Task requirements –
From the first line of the listing below to the line with "diamond engagement ring", print each line exactly, and nothing more. Leave out the pictures.

[[ Excerpted records, beginning ]]

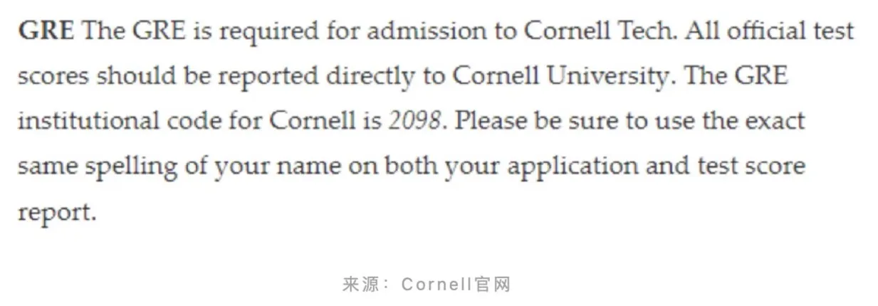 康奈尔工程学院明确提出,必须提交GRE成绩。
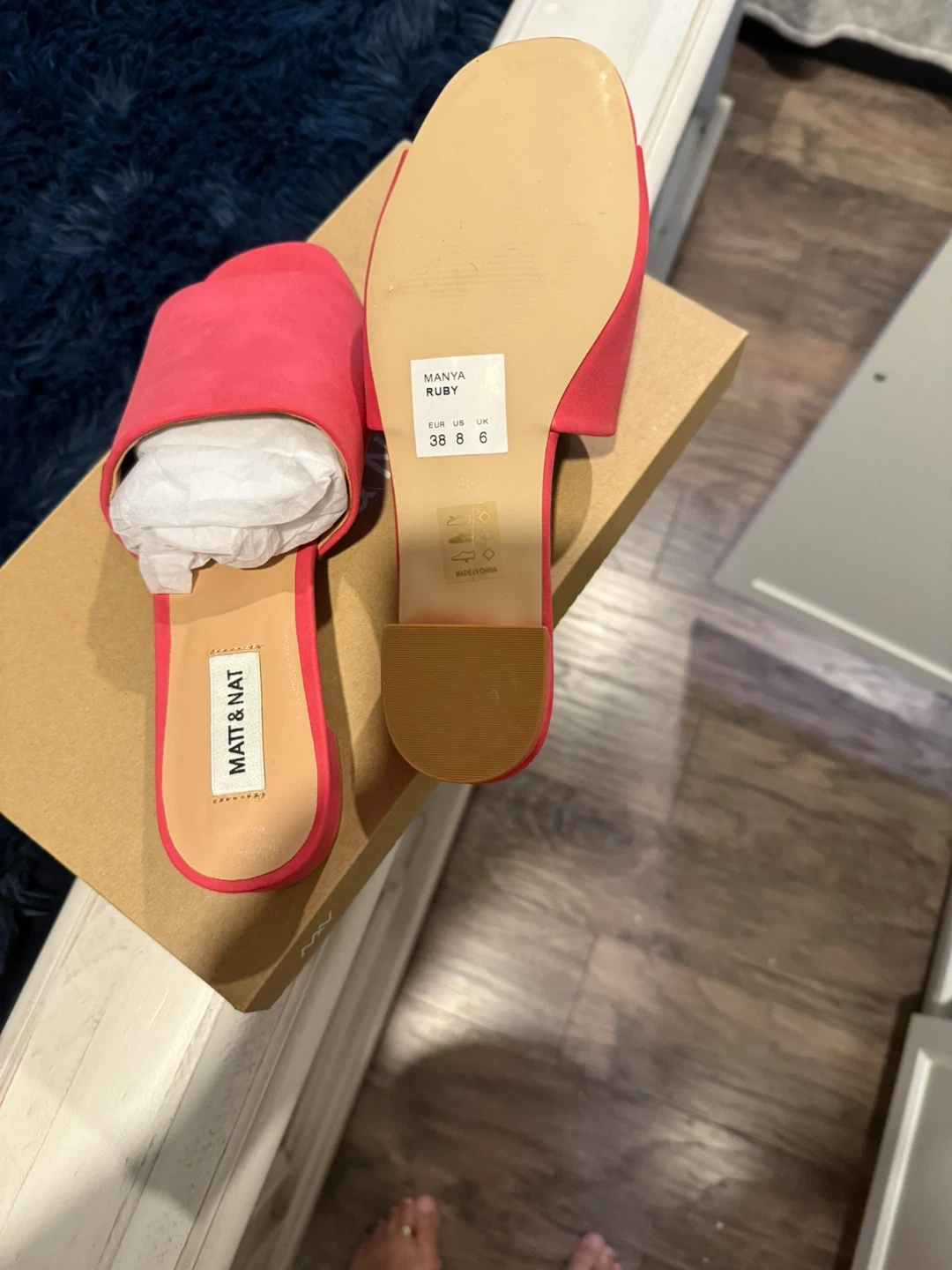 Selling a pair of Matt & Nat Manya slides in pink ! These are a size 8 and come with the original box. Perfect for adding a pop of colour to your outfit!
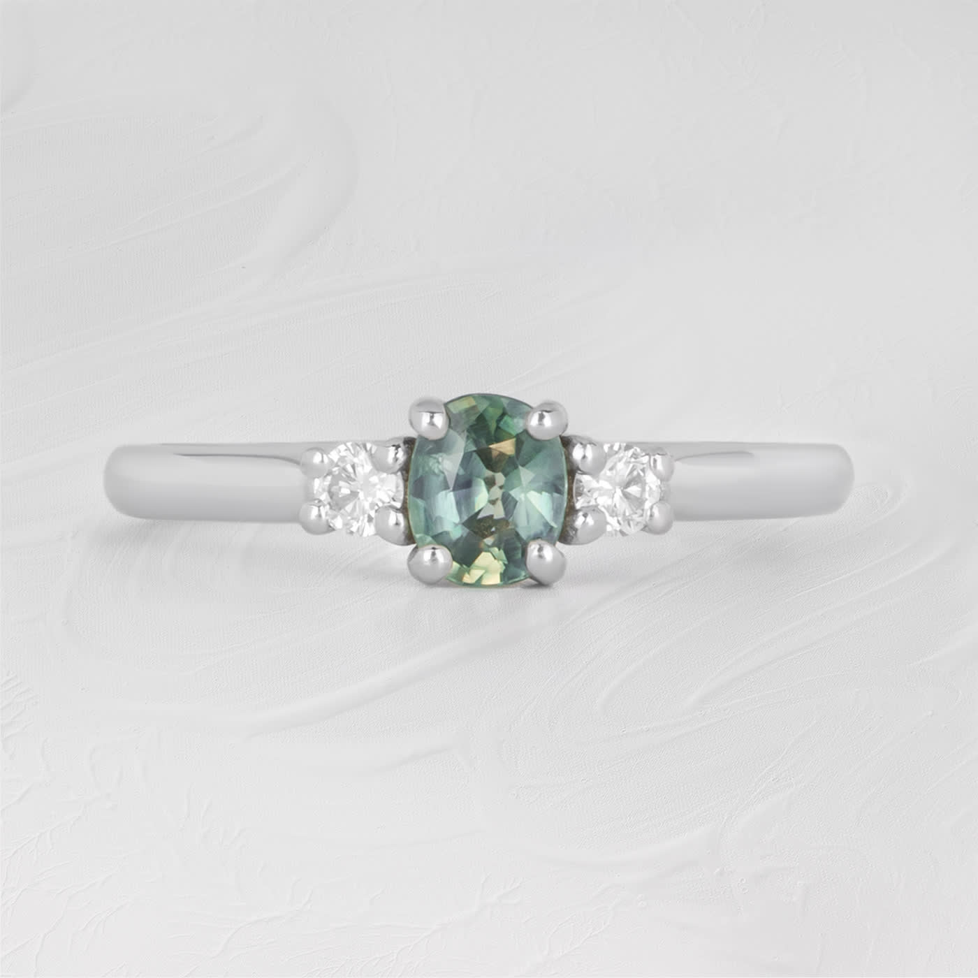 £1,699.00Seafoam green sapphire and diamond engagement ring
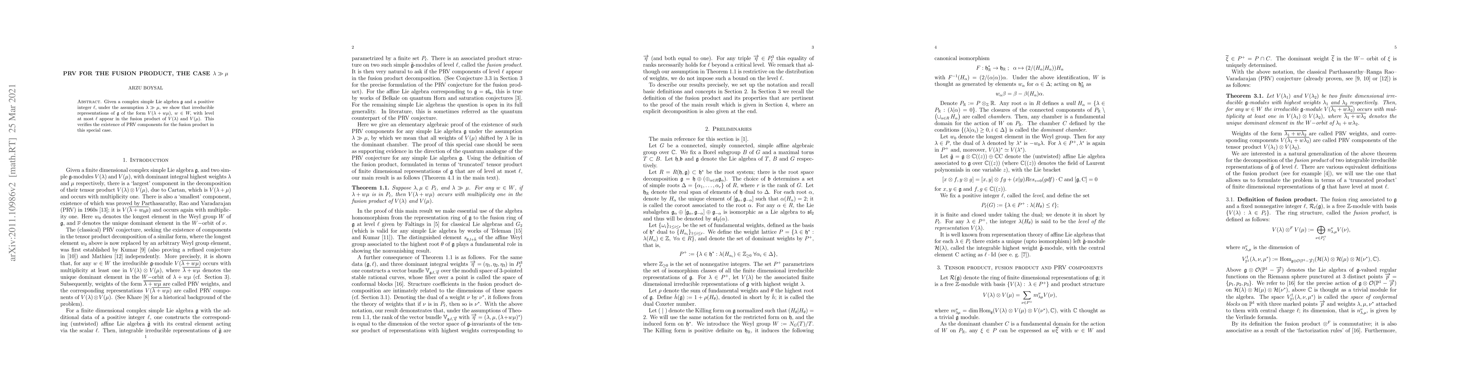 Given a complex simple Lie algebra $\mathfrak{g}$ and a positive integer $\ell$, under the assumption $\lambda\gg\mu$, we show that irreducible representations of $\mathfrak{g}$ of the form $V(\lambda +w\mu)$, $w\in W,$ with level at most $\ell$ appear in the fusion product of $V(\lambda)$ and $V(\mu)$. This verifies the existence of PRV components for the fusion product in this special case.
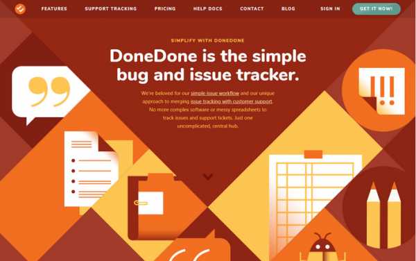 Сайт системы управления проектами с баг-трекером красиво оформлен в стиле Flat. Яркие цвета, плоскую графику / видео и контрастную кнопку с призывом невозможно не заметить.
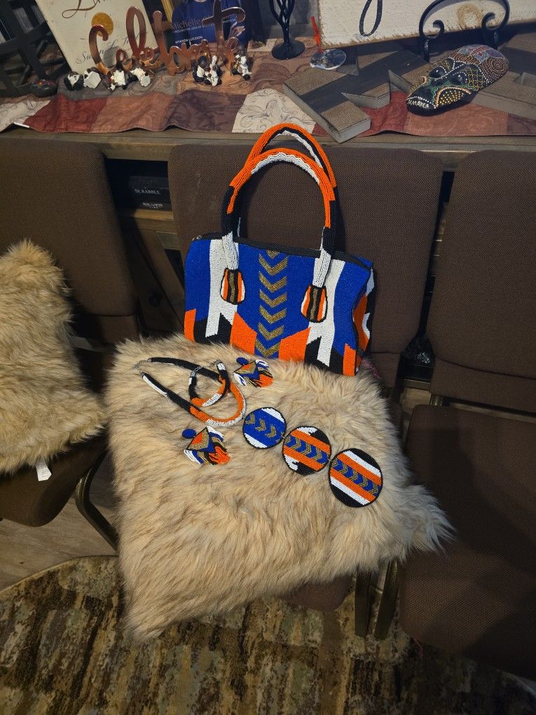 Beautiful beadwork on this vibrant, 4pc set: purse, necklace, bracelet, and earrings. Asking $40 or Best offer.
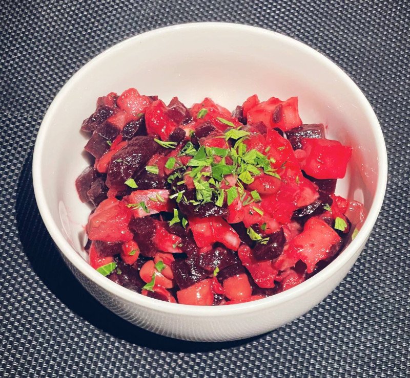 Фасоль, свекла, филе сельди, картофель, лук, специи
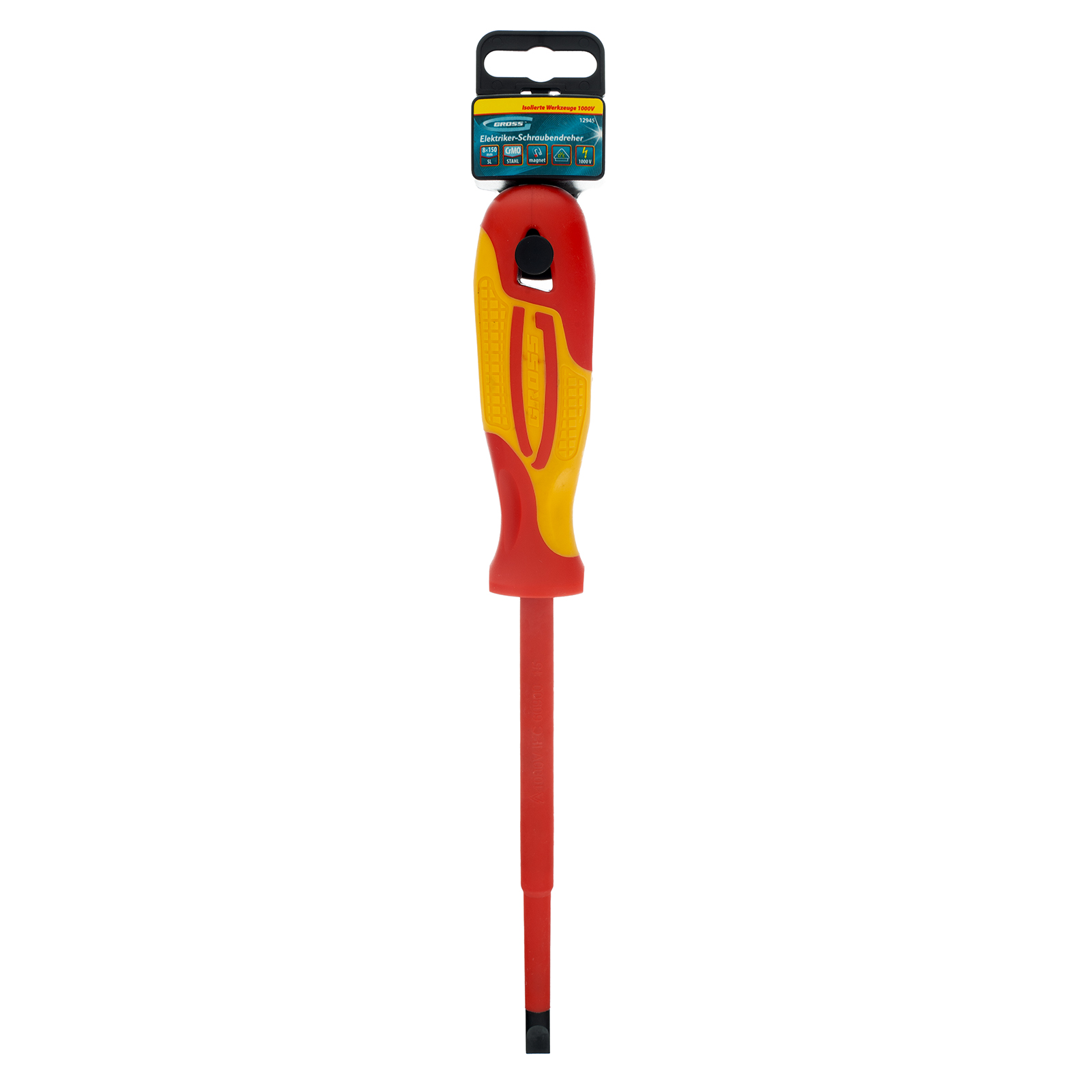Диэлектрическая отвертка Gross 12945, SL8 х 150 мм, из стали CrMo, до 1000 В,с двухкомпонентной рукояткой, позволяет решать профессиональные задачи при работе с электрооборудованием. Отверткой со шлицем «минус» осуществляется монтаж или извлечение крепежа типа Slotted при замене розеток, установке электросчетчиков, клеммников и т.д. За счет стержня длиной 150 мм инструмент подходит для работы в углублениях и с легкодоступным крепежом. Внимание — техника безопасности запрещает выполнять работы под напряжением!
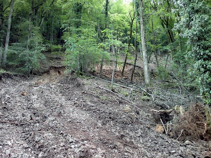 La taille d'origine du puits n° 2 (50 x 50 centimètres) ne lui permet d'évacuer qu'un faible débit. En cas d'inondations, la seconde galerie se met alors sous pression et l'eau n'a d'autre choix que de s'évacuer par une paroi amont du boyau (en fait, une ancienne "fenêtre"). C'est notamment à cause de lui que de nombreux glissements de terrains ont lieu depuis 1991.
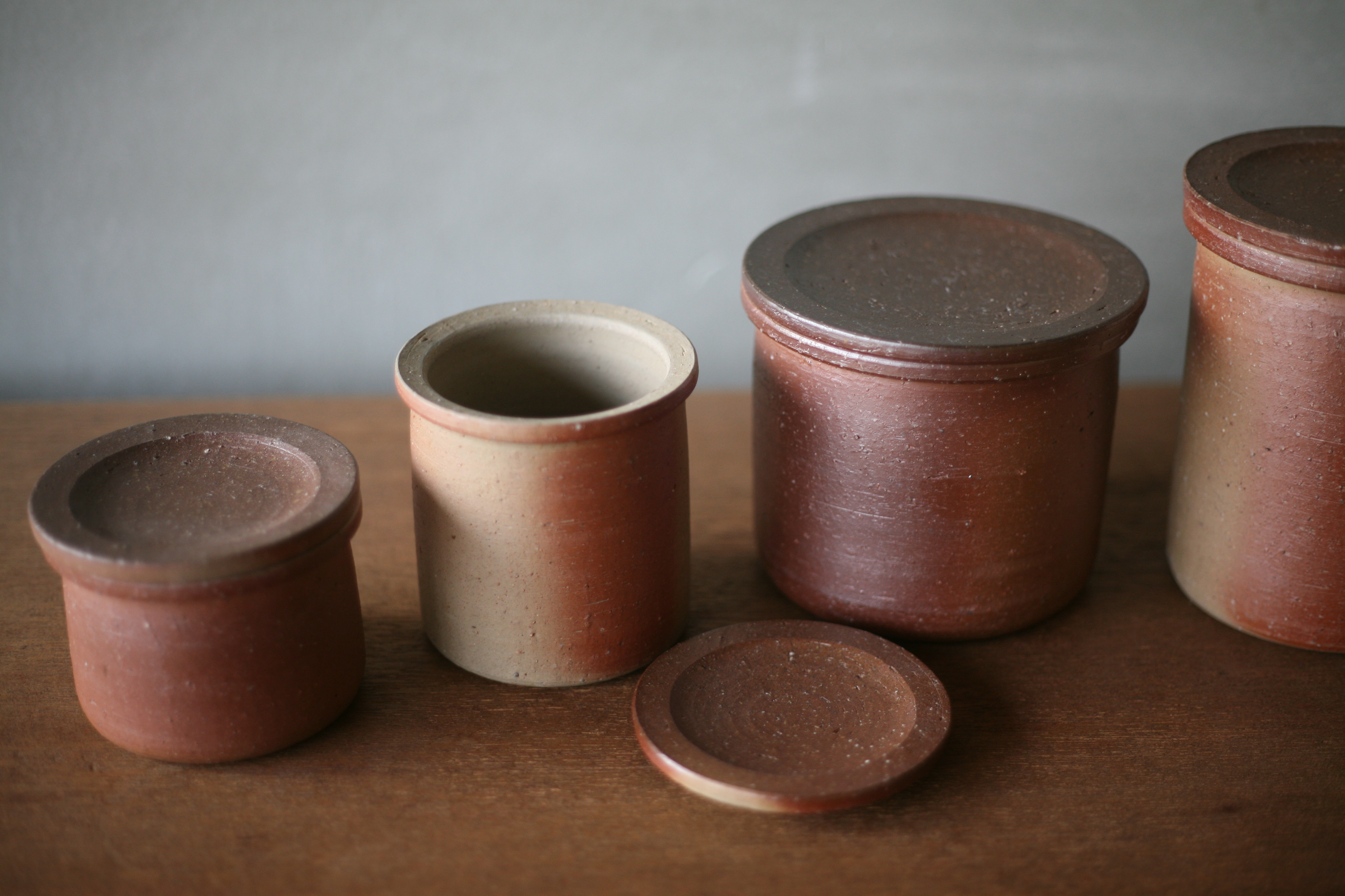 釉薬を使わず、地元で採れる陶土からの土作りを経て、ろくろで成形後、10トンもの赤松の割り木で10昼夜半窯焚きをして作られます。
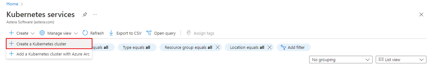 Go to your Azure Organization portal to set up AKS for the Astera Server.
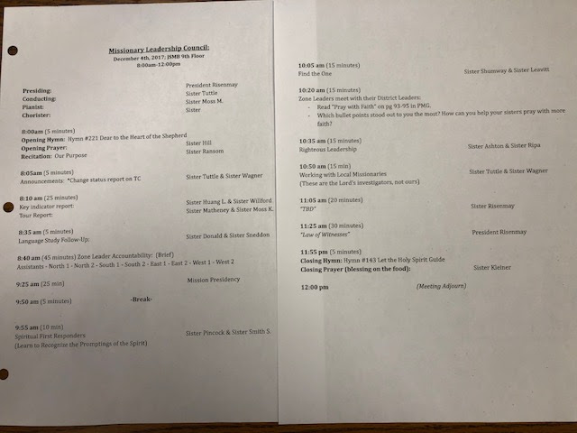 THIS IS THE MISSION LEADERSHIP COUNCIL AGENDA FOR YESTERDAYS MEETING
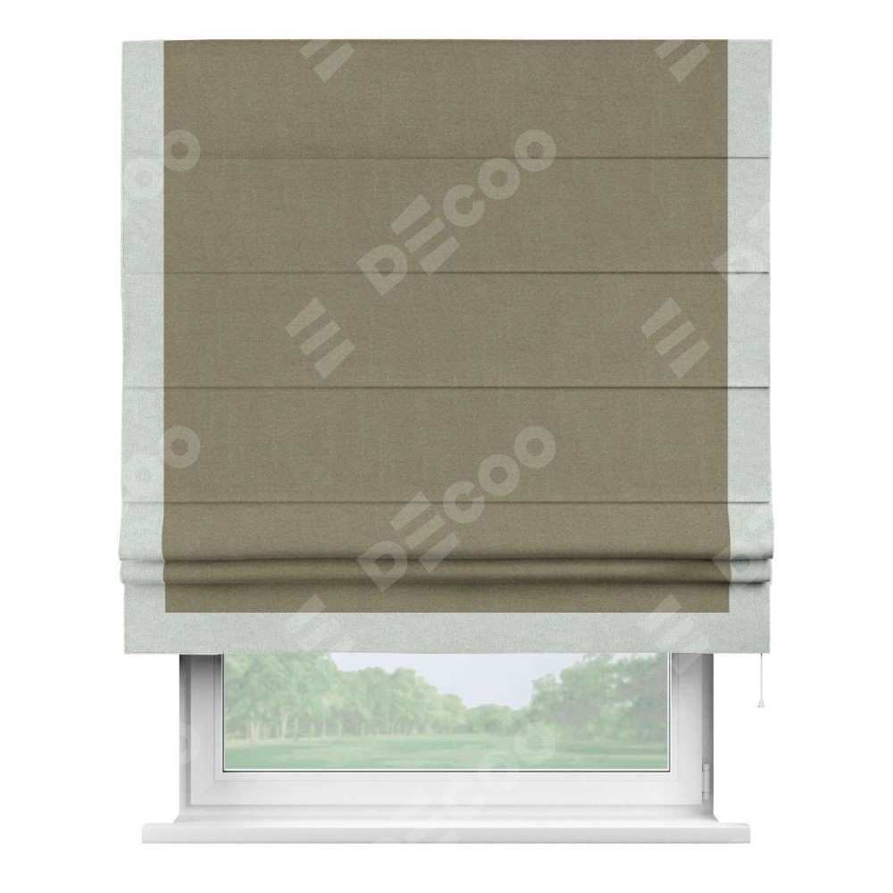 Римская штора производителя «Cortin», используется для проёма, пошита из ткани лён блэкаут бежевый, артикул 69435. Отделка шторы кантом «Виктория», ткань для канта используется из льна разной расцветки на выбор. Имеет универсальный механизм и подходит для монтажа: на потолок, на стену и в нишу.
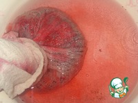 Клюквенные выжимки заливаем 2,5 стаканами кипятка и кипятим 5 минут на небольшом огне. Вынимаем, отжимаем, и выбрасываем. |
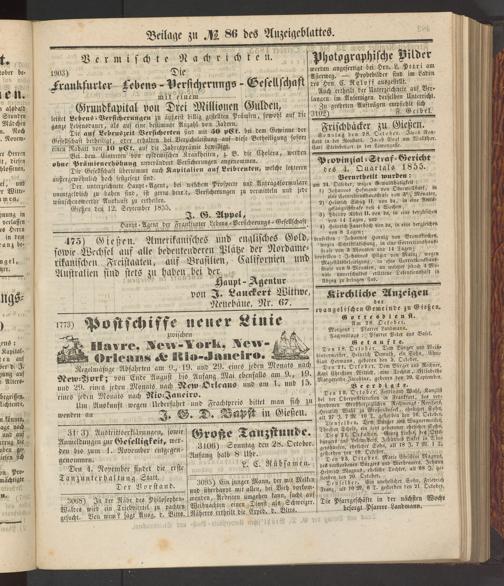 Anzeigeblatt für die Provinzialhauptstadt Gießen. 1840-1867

[[ Excerpted records, end ]]

Output for this exercise –
 康奈尔工程学院明确提出,必须提交GRE成绩。
 Selling a pair of Matt & Nat Manya slides in pink ! These are a size 8 and come with the original box. Perfect for adding a pop of colour to your outfit!
 £1,699.00Seafoam green sapphire and diamond engagement ring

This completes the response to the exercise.